[STUDY MATERIAL]
━━━━
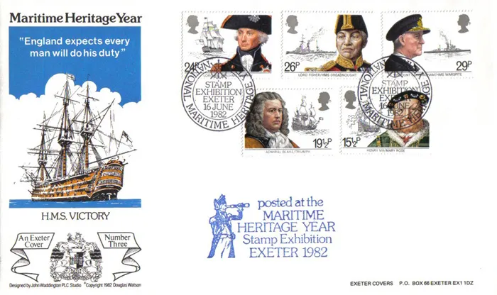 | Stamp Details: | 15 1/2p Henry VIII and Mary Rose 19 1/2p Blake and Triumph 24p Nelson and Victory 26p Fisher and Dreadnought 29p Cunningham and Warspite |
━━━━
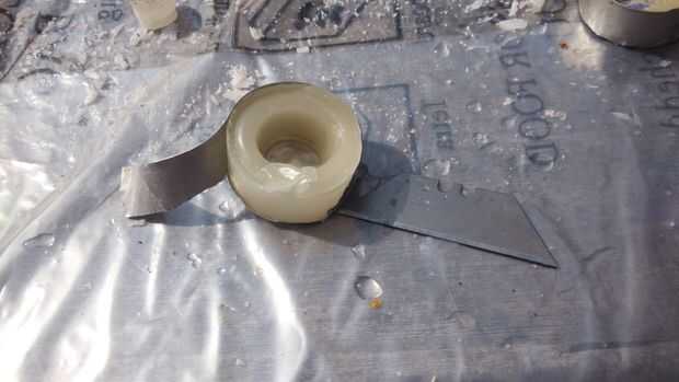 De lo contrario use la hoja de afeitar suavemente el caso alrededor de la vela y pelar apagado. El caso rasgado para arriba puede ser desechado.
━━━━
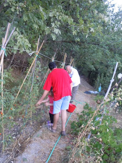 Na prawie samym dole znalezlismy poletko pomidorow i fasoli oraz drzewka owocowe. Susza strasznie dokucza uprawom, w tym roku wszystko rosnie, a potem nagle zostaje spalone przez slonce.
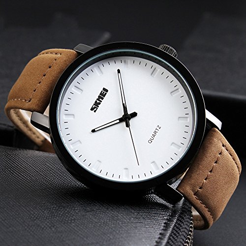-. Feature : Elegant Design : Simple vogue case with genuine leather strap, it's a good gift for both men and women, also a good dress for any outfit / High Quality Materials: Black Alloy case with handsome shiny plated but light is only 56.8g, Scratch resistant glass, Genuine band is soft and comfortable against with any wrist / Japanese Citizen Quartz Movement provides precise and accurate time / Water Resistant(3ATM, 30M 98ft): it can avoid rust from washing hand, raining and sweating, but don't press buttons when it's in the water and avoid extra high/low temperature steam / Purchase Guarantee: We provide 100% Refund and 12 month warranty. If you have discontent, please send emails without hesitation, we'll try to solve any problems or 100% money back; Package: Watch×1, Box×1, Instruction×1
━━━━
[TRY IT]
Every line above between the one containing "Na prawie samym" and the one containing "-. Feature : Elegant", those two included, is to be printed exactly. No pictures go into the copy.

[YOUR RESPONSE]
 Na prawie samym dole znalezlismy poletko pomidorow i fasoli oraz drzewka owocowe. Susza strasznie dokucza uprawom, w tym roku wszystko rosnie, a potem nagle zostaje spalone przez slonce.
-. Feature : Elegant Design : Simple vogue case with genuine leather strap, it's a good gift for both men and women, also a good dress for any outfit / High Quality Materials: Black Alloy case with handsome shiny plated but light is only 56.8g, Scratch resistant glass, Genuine band is soft and comfortable against with any wrist / Japanese Citizen Quartz Movement provides precise and accurate time / Water Resistant(3ATM, 30M 98ft): it can avoid rust from washing hand, raining and sweating, but don't press buttons when it's in the water and avoid extra high/low temperature steam / Purchase Guarantee: We provide 100% Refund and 12 month warranty. If you have discontent, please send emails without hesitation, we'll try to solve any problems or 100% money back; Package: Watch×1, Box×1, Instruction×1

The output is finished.